Solving C1, C2 for linear homogenous DE

Question

I have the following question:\begin{align*} y_1&= 2\sin x+3\cos x\\ y_2 &= \sin x+2\cos x \end{align*} forms a fundamental set of solutions to the second order linear homogenous equation $y{''} + y = 0$ on $(−\infty, +\infty)$. One can also check that ̃$\tilde {y} = \sin x$ is a solution to this differential equation. One should be able to express $\sin x$ as $c_{1}*y_{1}+ c_{2}*y_{2}$ for some constants c1, c2. Find such c1, c2.
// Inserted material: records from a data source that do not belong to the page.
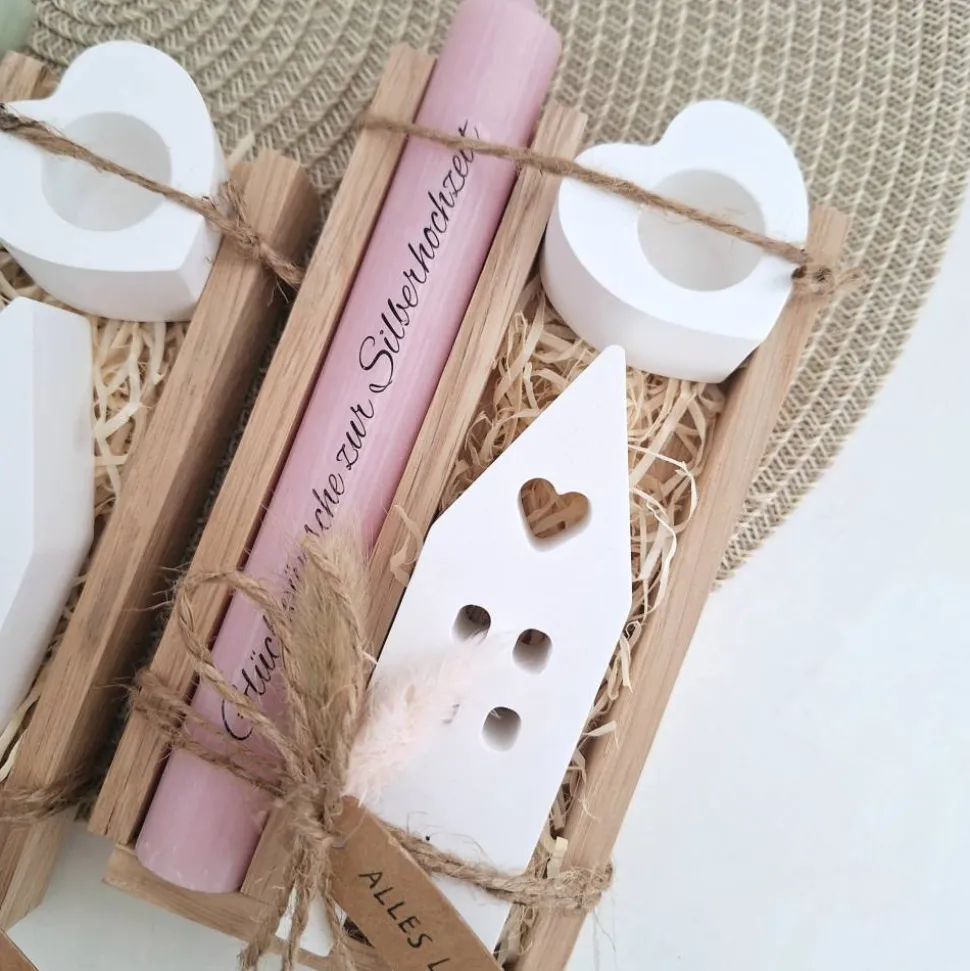 Das Geschenkset wird in einer Holzbox zusammengebunden, mit Trockenblumen (können variieren) verziert und mit einem Anhänger “ ALLES LIEBE “ ergänzt.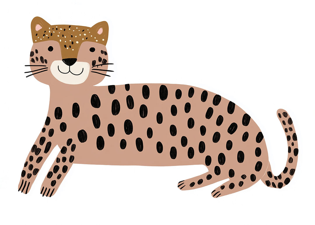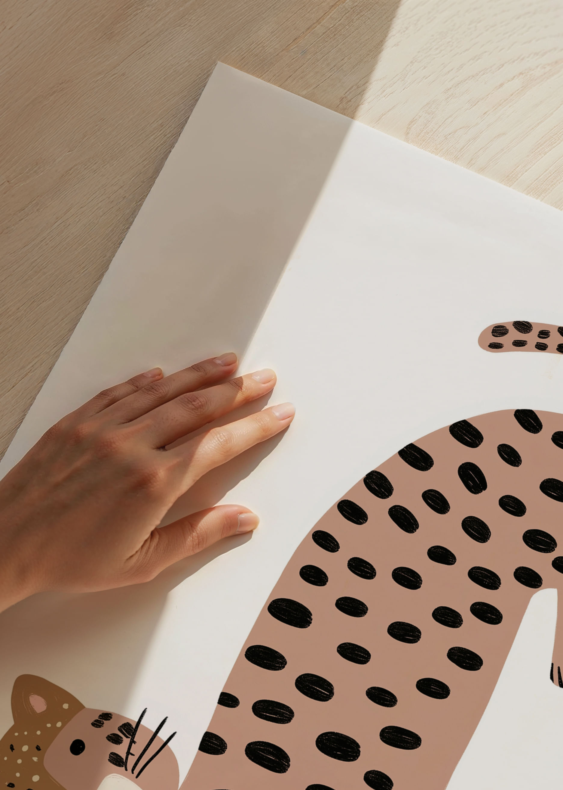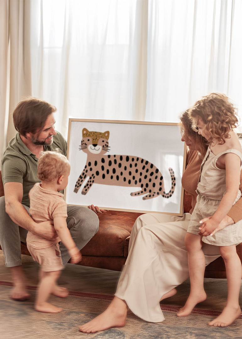 Denna poster fångar omedelbart uppmärksamheten med sin charmiga leopard i en lekfull design. Leopardens mjuka färger och stora prickar ger en känsla av glädje och livfullhet. Kombinationen av stiliserade detaljer och vänliga uttryck gör att denna poster skapar en varm och inbjudande atmosfär. Perfekt för att ge barnrummet eller vardagsrummet en dos av karaktär och personlighet.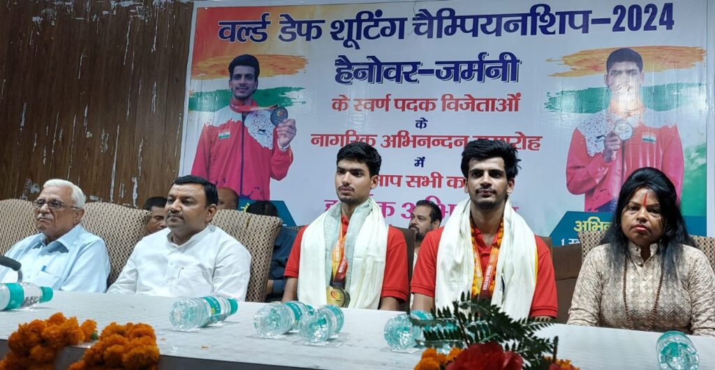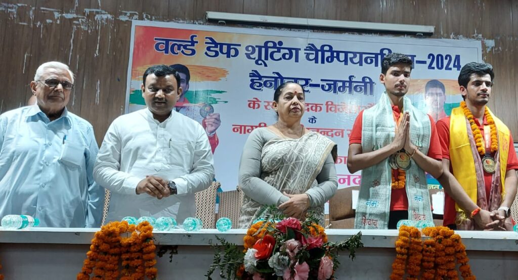 रुड़की। जर्मनी के हैनोवर में हुई वर्ल्ड डेफ शूटिंग चैंपियनशिप में स्वर्ण एवं रजत पदक जीत कर लौटे रुड़की क्षेत्र के दो युवाओं शौर्य सैनी तथा अभिनव देशवाल का आज नगर निगम सभागार में सैनी समाज की ओर से नागरिक अभिनंदन किया गया, जिसमें राज्यसभा सदस्य डा. कल्पना सैनी ने मुख्य अतिथि के रूप में बोलते हुए कहा कि कोई भी खिलाड़ी जब विदेश से सम्मान लेकर लौटता है तो वह किसी जाति या धर्म का नहीं होता, बल्कि पूरे देश का प्रतिनिधित्व करता है। इन युवाओं ने जहां सैनी समाज का मान बढ़ाया है वहीं हिंदू, मुस्लिम, सिख व इसाई सभी लोग उनकी इस उपलब्धि पर गर्व कर रहे हैं।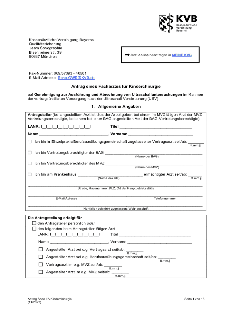 Kassenrztliche Vereinigung Bayerns Qualittssicherung Team Sonographie Elsenheimerstr. 39 80687 MnchenJetzt online beantragen in MEINE KVBFaxNummer: 089/57093 40501 EMailAdresse: SonoGWE@KVB.deAntrag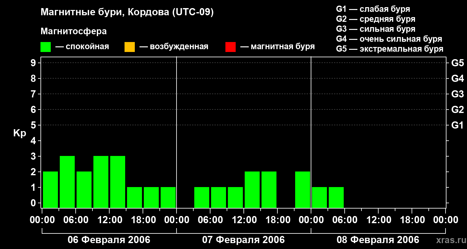 Изменения геомагнитного индекса Kp с 6 по 8 февраля 2006 года для средних широт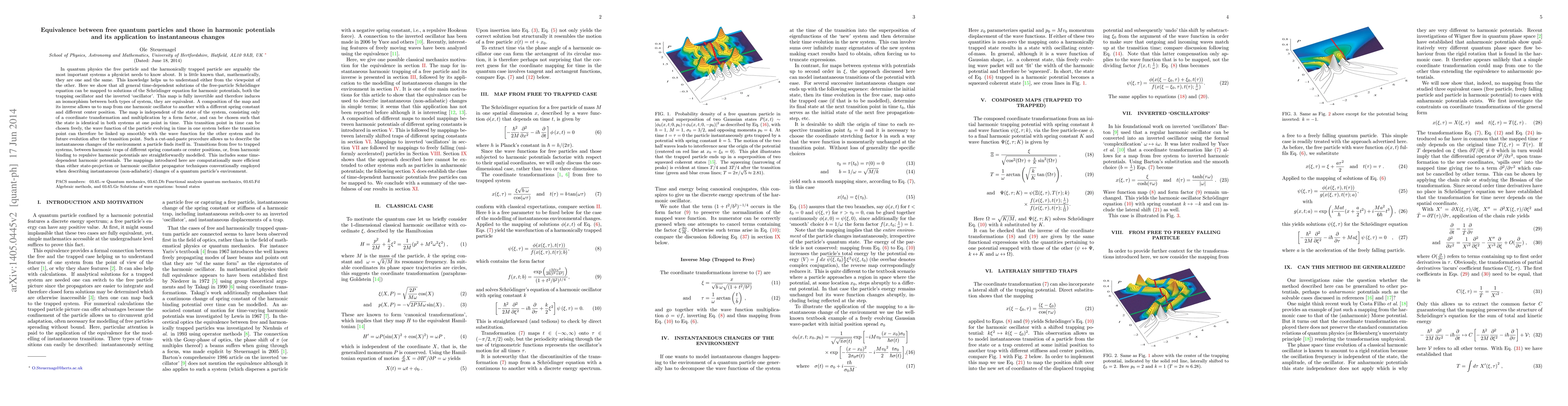 In quantum physics the free particle and the harmonically trapped particle are arguably the most important systems a physicist needs to know about. It is little known that, mathematically, they are one and the same. This knowledge helps us to understand either from the viewpoint of the other. Here we show that all general time-dependent solutions of the free-particle Schroedinger equation can be mapped to solutions of the Schroedinger equation for harmonic potentials, both the trapping oscillator and the inverted 'oscillator'. This map is fully invertible and therefore induces an isomorphism between both types of system, they are equivalent. A composition of the map and its inverse allows us to map from one harmonic oscillator to another with a different spring constant and different center position. The map is independent of the state of the system, consisting only of a coordinate transformation and multiplication by a form factor, and can be chosen such that the state is identical in both systems at one point in time. This transition point in time can be chosen freely, the wave function of the particle evolving in time in one system before the transition point can therefore be linked up smoothly with the wave function for the other system and its future evolution after the transition point. Such a cut-and-paste procedure allows us to describe the instantaneous changes of the environment a particle finds itself in. Transitions from free to trapped systems, between harmonic traps of different spring constants or center positions, or, from harmonic binding to repulsive harmonic potentials are straightforwardly modelled. This includes some time-dependent harmonic potentials. The mappings introduced here are computationally more efficient than either state-projection or harmonic oscillator propagator techniques conventionally employed when describing instantaneous (non-a 1,920 characters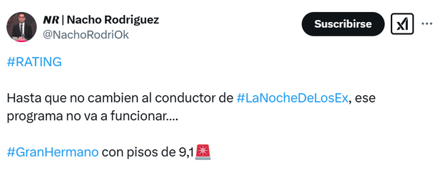 La Noche de los Ex, que conduce Robertito Funes Ugarte, no funciona, no logra captar audiencia, más allá de que siempre Gran Hermano, con buenos o malos números, es el programa más visto en la televisión argentina.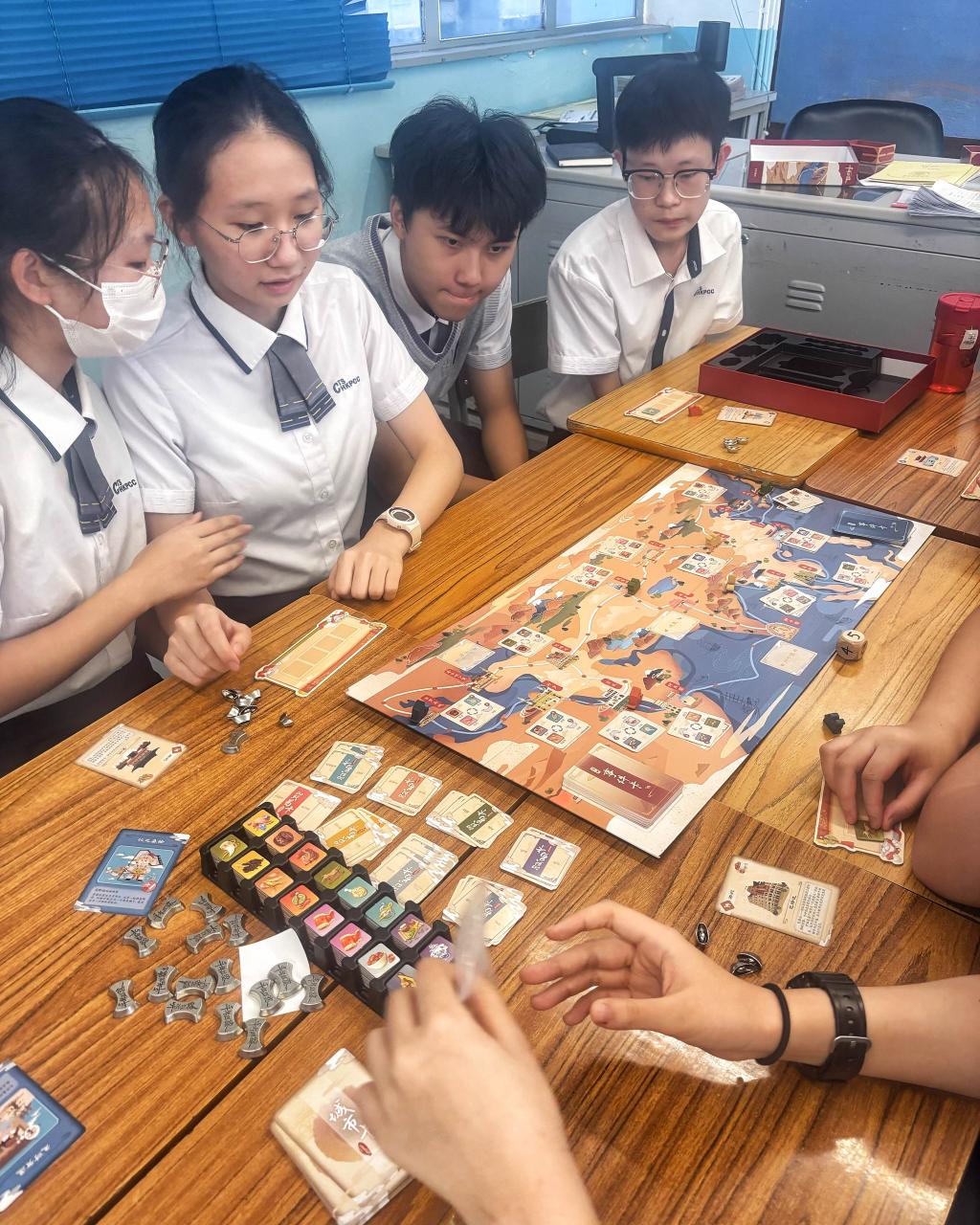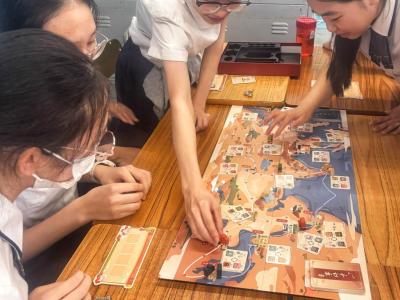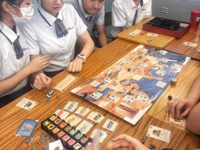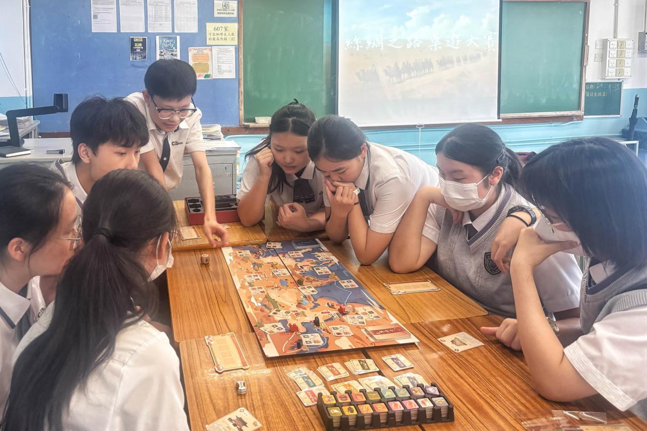國慶月活動之一,就主題「絲綢之路的前世今生」,特舉辦「千年絲路」桌遊大賽,讓同學化身為千年前的商人,騎上駱駝、乘上船隻,走訪陸上和海上絲綢之路的沿途城市,體驗一次營商的感覺、困難和樂趣。同學在遊玩過程中需要觀察和分析貨物的價格走勢從而將利益最大化,更會遇上不同的「事件」,面對不同的挑戰,均能讓學生明白絲綢之路的發展與興盛並不容易,要學會維護國家的經濟安全。

I thought to write out the Wronskian of $y_1$ and $y_2$ and then plug $x=0$ into the Wronskian but I am not sure what the other side of the system of equations would be. Could anyone help me figure this out? That is what $c_{1}*y_{1}+ c_{2}*y_{2}$ and $c_{1}'*y_{1}+ c_{2}'*y_{2}$ would be equal to at $x=0$. I could then invert the matrix and solve for the solution, $c_1$ $c_2$.

Any thoughts and comments are greatly appreciated. Thank you.

Answer 1

For the sum to be $\sin x$, you want the coefficients of the sines to add to $1$, and the coefficients of the cosines to add to $0$.

This means that $$c_1(2\sin x+3\cos x)+c_2(\sin x+2\cos x)=1 \sin x + 0 \cos x,$$ or, after expanding and regrouping, \begin{align}2c_1 \sin x +3 c_1 \cos x+c_2 \sin x+2 c_2 \cos x&=1\sin x+0\cos x\\ (2c_1+c_2)\sin x+(3 c_1+2 c_2)\cos x&=1 \sin x+0\cos x.\end{align}

Equating the coefficients of $\sin x$ and $\cos x$ on the LHS and RHS in the above equation gives you $$2 c_1+c_2=1$$ $$3 c_1+2c_2=0,$$

a system of equations which you can solve to get $c_1$ and $c_2$.

Answer 2

You have to solve $2c_1+c_2=1$ and $3c_1+2c_2=0$. This is a system of two equation which can be solved. You get $c_1=2$ and $c_2=-3$.

Answer 3

The general solution is $$\begin{align*} y&= 2c_1\sin x+3c_1\cos x\\ &+ c_2\sin x+2c_2\cos x \end{align*}$$ Solve the following system $$\begin{align*} 1&= 2c_1+c_2\\ 0&= 3c_1+2c_2 \end{align*} \implies \begin{cases} c_2=1-2c_1\\ c_1=2 \end{cases}\implies \begin{cases} c_2=-3\\ c_1=2 \end{cases}$$

Answer 4

We can write the definitions of $y_1$ and $y_2$ in matrix form: $$\begin{pmatrix}y_1\\ y_2\end{pmatrix}=\underbrace{\begin{pmatrix}2&3\\1&2\end{pmatrix}}_P\begin{pmatrix}\sin x\\\cos x\end{pmatrix}.$$ $P$ is invertible ($\det P=-1$) so we know $(y_1, y_2)$ is a basis of the space of solutions and $$\begin{pmatrix}\sin x\\\cos x\end{pmatrix}=P^{-1}\begin{pmatrix}y_1\\ y_2\end{pmatrix}.$$ Since $P is a $2\times 2$ matrix, it's simples to find the inverse matrix using the adjugate matrix: $$\operatorname{adj}(P)=\begin{pmatrix}2&-3\cr -1&2\end{pmatrix},\quad \text{so }\enspace P^{-1}=\frac1{\det P}~\operatorname{adj}(P)=\begin{pmatrix}-2&3\cr 1&-2\end{pmatrix}$$ $$\text{and }\qquad\begin{cases}\sin x=-2y_1+3y_2,\cr\cos x=\phantom{-2}y_1-2y_2.\end{cases}$$